Target Audience: Developers using Docker for development and deployment

Purpose: Run the pipeline in reproducible, portable containers for local development, testing, and deployment


When to Use This Guide

Use this guide if you're: - ✅ Setting up development environment (first-time setup with Docker) - ✅ Running tests in containers (isolated environment) - ✅ Deploying to production (HuggingFace Spaces, cloud platforms) - ✅ Ensuring reproducibility (lock down Python version, dependencies, models) - ✅ Troubleshooting Docker issues (build failures, performance)



Why Docker?

Research Reproducibility

Problem: Scientific results must be reproducible years later on different hardware/OS.

Solution: Docker locks down: - Python version (3.12 matches pyproject.toml) - All dependencies with exact versions (via uv.lock) - System libraries (transformers, CUDA drivers if needed) - Model weights (ESM-1v checkpoint)

Collaboration

Problem: New contributors spend hours debugging environment setup.

Solution: docker-compose up gets them running in <5 minutes.

Deployment Ready

Problem: Need to deploy to platforms like HuggingFace Spaces or cloud services.

Solution: Pre-built Docker image deploys directly without modification.

Clean Environment Validation

Problem: Need to prove package works without local hacks (sys.path, editable installs).
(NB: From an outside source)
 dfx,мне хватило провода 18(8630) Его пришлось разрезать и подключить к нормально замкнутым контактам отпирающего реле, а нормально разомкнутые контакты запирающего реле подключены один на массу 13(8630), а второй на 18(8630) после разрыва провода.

Solution: Docker builds from scratch, installs package via uv sync, validates tests pass.


Container Types

Development Container

Image: antibody-training-dev:latest

Purpose: Local development, testing, debugging

Features: - Installs package in editable mode (uv sync) - Mounts local source code as volume (hot reload) - No model weights cached (downloads on first run) - Smaller image size (~1.5GB)
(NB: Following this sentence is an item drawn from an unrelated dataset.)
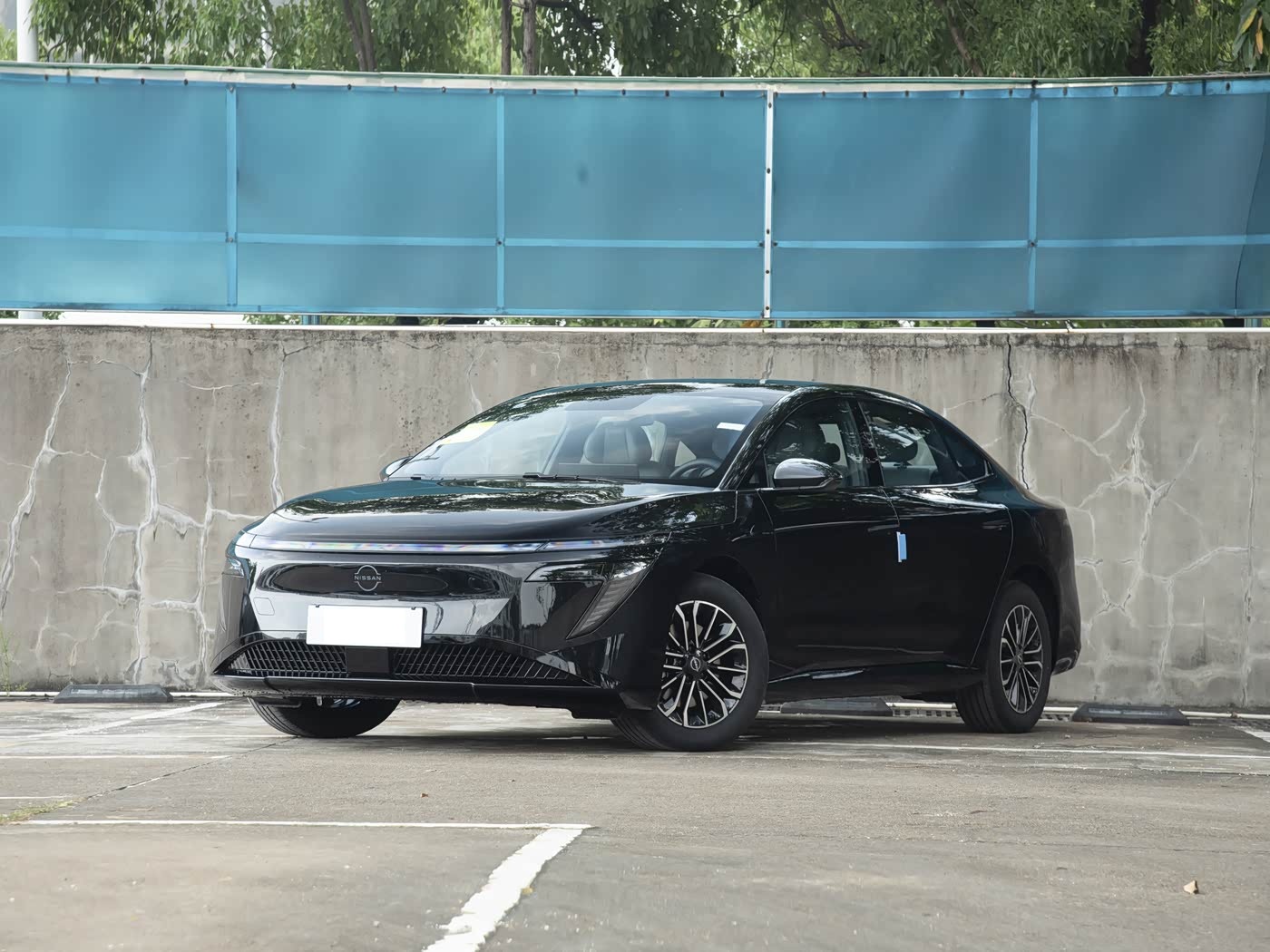 我们首先来看新车的外观设计方面,日产N7 的车头设计堪称合资电动车的审美突破,采用全新 V-Motion 流动设计语言,低俯宽大的姿态营造出强烈运动感。封闭式前脸是纯电车型的标志性元素,搭配由多颗高功率 LED 组成的贯穿式星环灯带,解锁车辆时会呈现动态迎宾灯语,夜晚点亮后辨识度拉满。最具巧思的是 “魔法画布” 智能交互灯语系统,不仅能自定义节日祝福,还可实时显示充电进度,让科技感转化为实用仪式感。六种车身配色中,霜雪白的珍珠漆在阳光下泛着彩光,森野青则透着低调运动气息,满足不同家庭的审美偏好。不过有用户反馈,浅色车身对前脸线条的勾勒稍显突兀,算是细微缺憾。

Use cases: - Running tests locally - Interactive development - Training on small datasets

Production Container

Image: antibody-training-prod:latest

Purpose: Deployment, published results, long-term archival

Features: - Installs package from built wheel (non-editable) - Bakes in ESM model weights (~650MB) - Frozen dependency versions from uv.lock - Larger image size (~3-4GB)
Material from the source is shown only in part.